Patient or healthcare consumer involvement: Several stakeholders, including patients and representatives from quality improvement organizations, across Canada were centrally involved in designing and carrying out this systematic review.
Objectives: 1) Systematically search and critically review published and grey literature on inappropriate healthcare practices in Canada. 2) Describe the nature and magnitude of inappropriate healthcare in Canada.

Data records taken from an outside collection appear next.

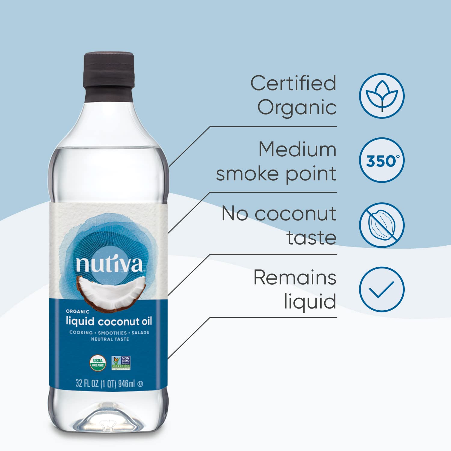Nutiva Organic Liquid Fractionated Coconut Oil 32 Fl Oz - USDA Organic, Non-GMO. Edible, Pure Coconut Oil for Cooking, Moisturizer for Skin, Hair Treatment. Contains Natural MCTs.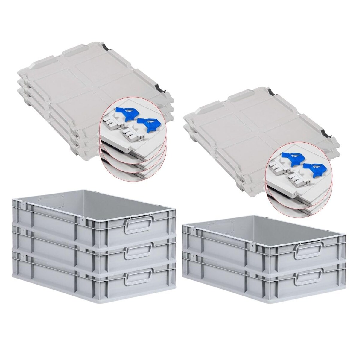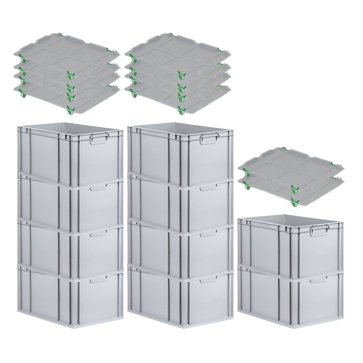 PROREGAL SparSet 10x Eurobox NextGen Economy mit Auflagedeckel & 4x Verschlüsse Grün, Griffe zu, HxBxT 32x40x60cm, 65L, Eurobehälter, Box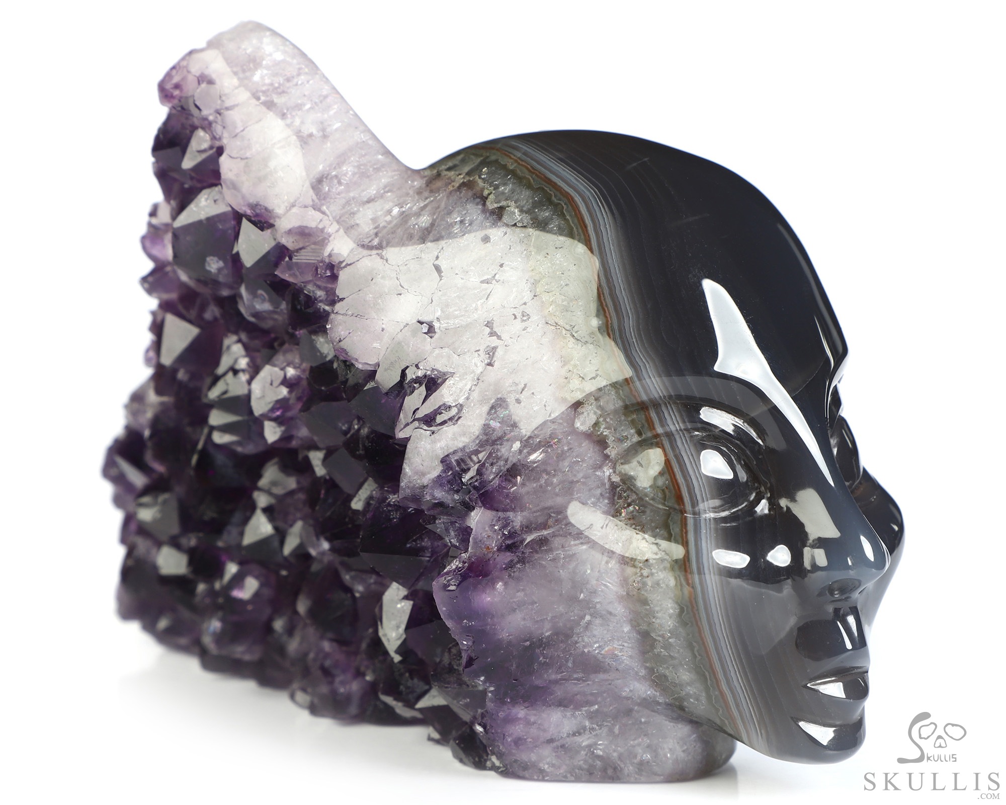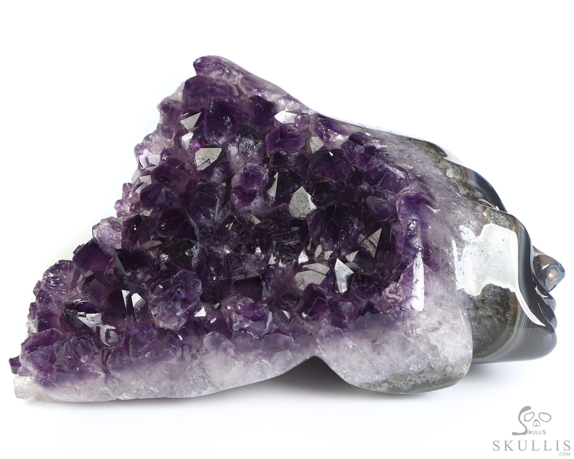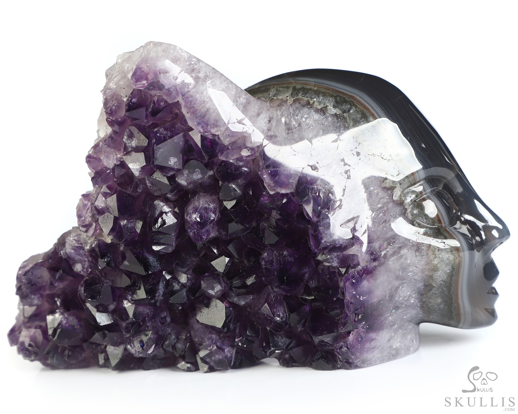 You are looking at an Agate Amethyst Druse skull. The skull is 4.9 inches from front to back.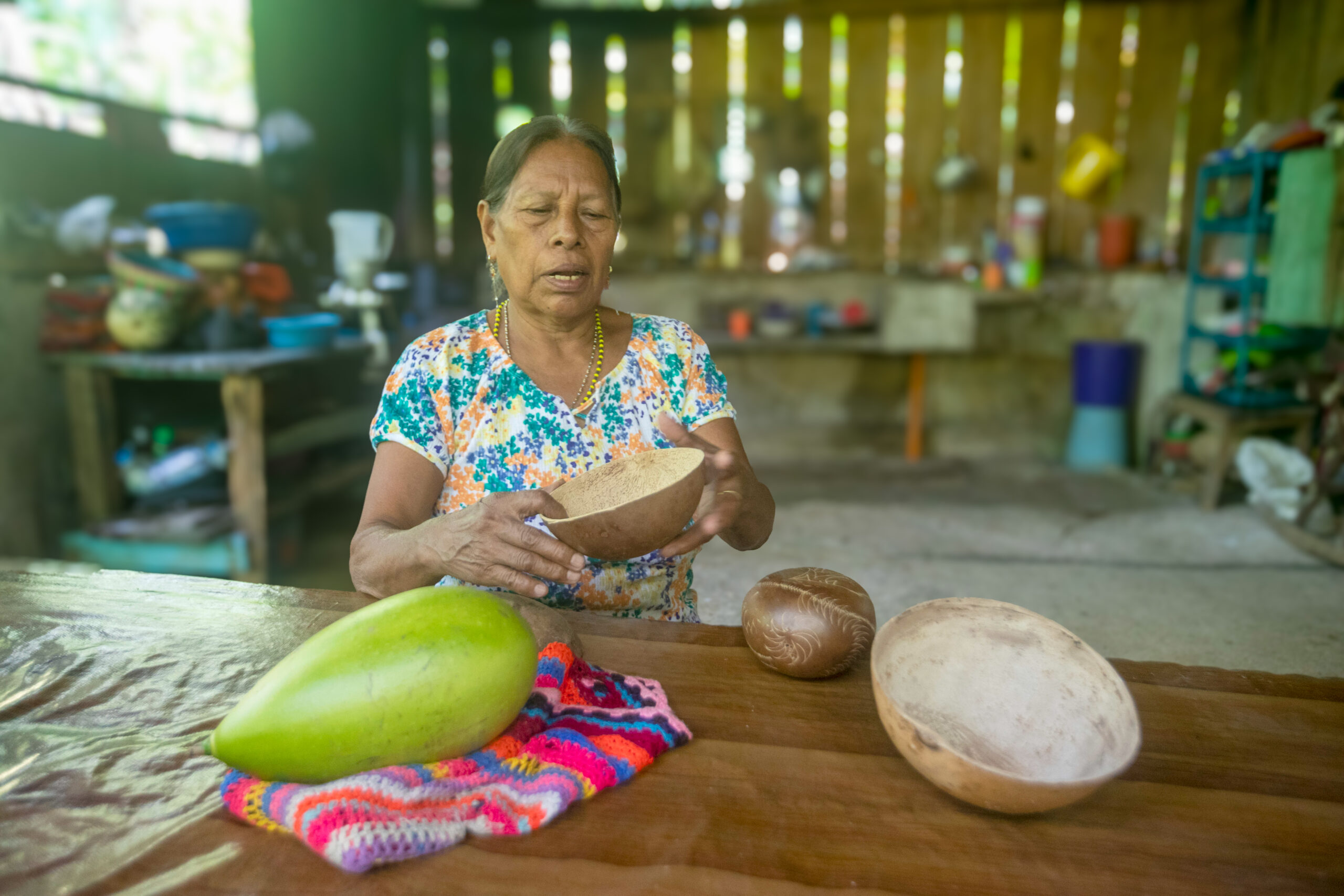 En su resguardo Buenavista, del pueblo indígena Siona, han sufrido mucho durante el conflicto armado de durante décadas. Y siguen sufriendo. Por eso decidieron trabajar los traumas en las mujeres para que puedan seguir adelante con sus vidas a pesar del sufrimiento: “Nosotros sufrimos la guerra, quedamos mujeres solas, con niños, otras quedaron sin familia. Ha sido difícil y como mujer también sufrí el impacto de la violencia”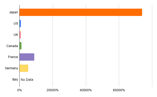 カジノやギャンブル関連ワードの検索増加率は、最大値がフランスで約120%、最小値がイギリスで約40%と、一定の需要があったことが伺えますが、増加率はそこまで高くはありませんでした。カジノやギャンブルなどは、現場の臨場感を求める人が多いのでしょうか。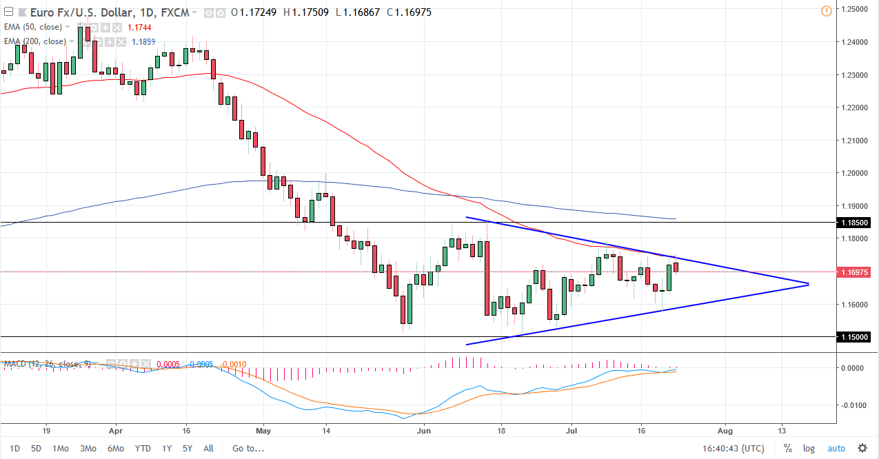 La coppia EUR/USD ha inizialmente tentato di rafforzarsi durante la sessione di trading di lunedì per iniziare la settimana, ma ha avuto problemi con l'EMA a 50 giorni, e ovviamente la linea di tendenza al ribasso che ho tracciato sul grafico. Sembra che ci stiamo consolidando in un triangolo simmetrico, e credo che questo triangolo continuerà a essere un problema in questo mercato, e ha anche un certo senso, perché ci sono così tanti problemi là fuori che potrebbero muovere il dollaro USA. Ovviamente, anche la situazione politica nell'Unione europea è un problema importante. Credo che la cosa migliore da fare in questo mercato sia aspettare una chiusura giornaliera al di fuori del triangolo simmetrico, e quindi puntare a una delle due linee nere che ho nel grafico, al livello di 1,15 al ribasso o al livello 1,1850 al rialzo.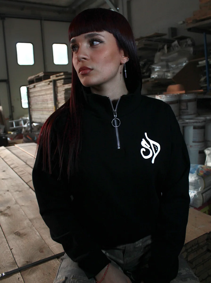 Felpa Cropped Fit, zip ยผ, Internamente felpata Stampa “SD” spessorata lato cuore Made in Italy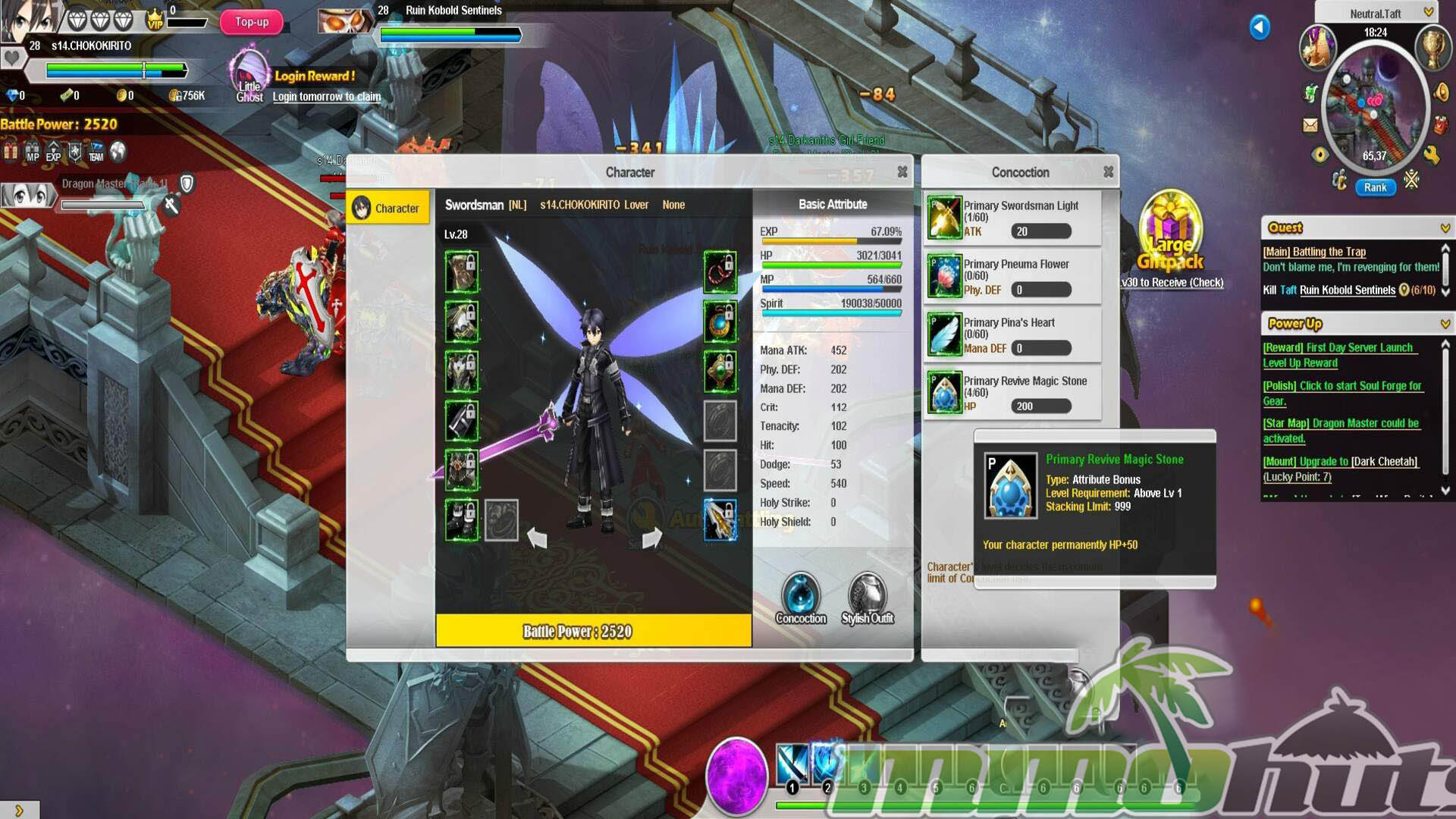 Set in Aincrad, SAO’s Legend is a lightweight, session-friendly MMORPG designed around short bursts of dungeon running and steady gear progression. At the start you choose one of four classes, Knight, Ranger, Priest, or Swordsman, each framed as a recognizable Sword Art Online character and supported by a mix of active abilities and passive boosts. The core loop revolves around entering instances, clearing enemies quickly, and turning the rewards into incremental upgrades.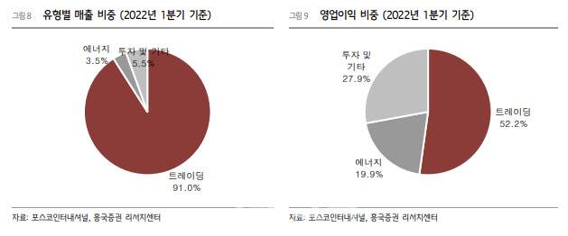 박종렬 흥국증권 연구원은 “트레이딩이 주도하고 있는 가운데 에너지와 투자 부문도 가세하면서 호실적 추세가 지속 중”이라며 “원자재가격 강세와 원화 약세에 따른 전 부문의 고른 실적 개선으로 2분기 및 하반기에도 양호한 실적 모멘텀은 지속될 전망”이라고 내다봤다.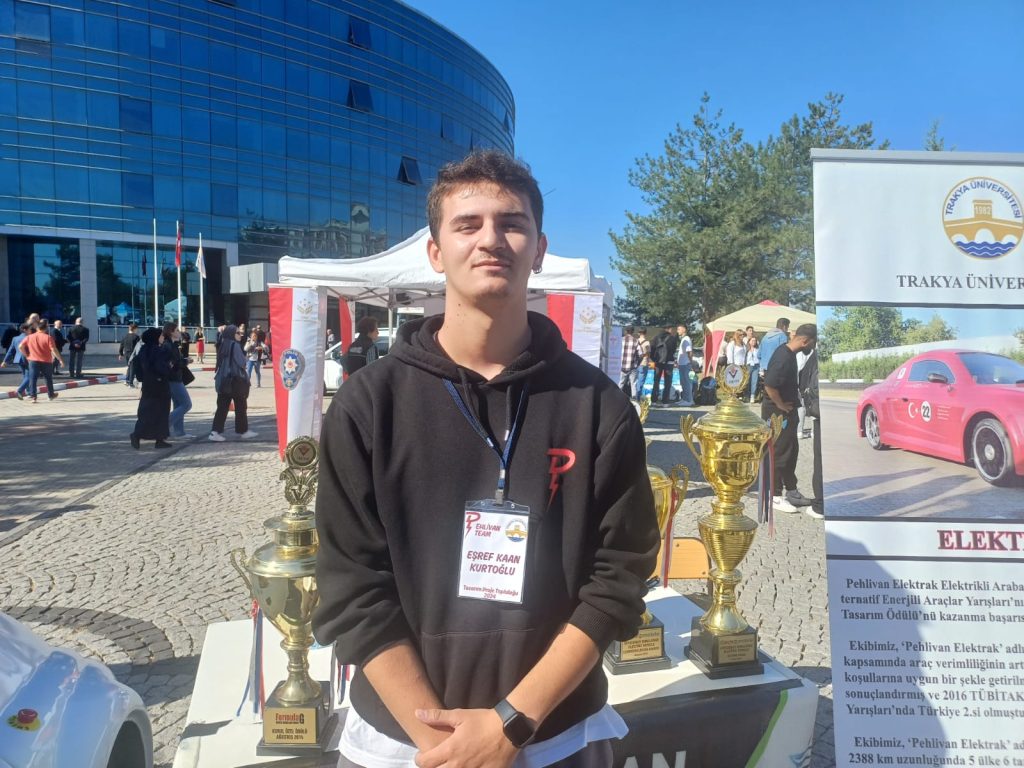 Trakya Üniversitesi’nde öğrenci topluluklarını buluşturan etkinlikte, Trakya Üniversitesi Tasarım Topluluğu Pehlivan Team üyesi Mühendislik Fakültesi Makine Mühendisliği bölümü öğrenciler tarafından üretilen elektrikli ‘Pehlivan’ otomobili de görücüye çıktı. Yoğun ilgi gören otomobilin üreticilerinden Eşref Kaan Kurtoğlu, ‘Pehlivan’ın bu modelinde hedeflerinin en az elektrik kullanarak, aracı verimli şekilde yoluna devam ettirebilmek olduğunu kaydetti.

Methods: Multiple online databases and grey literature sources were searched to identify quantitative studies reporting objective or subjective measurements of inappropriate healthcare practices in Canada. Inclusion was limited to studies from January 2007 to September 2019 that reported on large or diverse populations. Two authors independently screened, assessed quality and extracted the data. Study findings were synthesized narratively by overuse and underuse in three care categorizations: tests, treatments, and procedures.
Results: A total of 138 studies were included. The majority of studies were conducted in the acute or specialty sector (n=74, 54%), followed by primary care (n=19, 14%). Other sectors represented less frequently included: long-term care, home and community, public health, and rehabilitation. While all Canadian regions were represented, most studies reported data from Ontario (n=85, 62%) or Alberta (n=46, 33%). Similar proportions of studies examined underuse (n=78, 56%) and overuse (n=72, 52%) of clinical practices. There was wide variation between studies in the magnitude of inappropriate care reported. Underuse of: tests ranged from 0.1% (computed tomography imaging for abdominal pain) to 100% (subjective global assessment tool for assessing malnutrition); treatments ranged 1.1% (anti-hyperglycemic medications for Diabetes) to 100% (probiotics before colorectal surgery); and procedures ranged 9.4% (endoscopy for colorectal cancer screening) to 98.1% (carotid endarterectomy/stenting for transient ischemic attack/stroke patients). Overuse of: tests ranged from 0.09% (carotid imaging) to 92.7% (breast cancer imaging); treatments ranged 0.06% (opioid use for dental pain) to 86.8% (polypharmacy (≥10 medications) among older adults); and procedures ranged 10.8% (angiography) to 22% (caesarean delivery).
Conclusions: Through this review, we addressed a critical gap in the literature by producing the first-ever evidence-based Canadian compendium of inappropriate health care practices. Our findings can be used to advance quality improvement programs, as well as support agencies dedicated to quality and patient safety, in Canada.
Patient or healthcare consumer involvement: Several stakeholders, including patients and representatives from quality improvement organizations, across Canada were centrally involved in designing and carrying out this systematic review.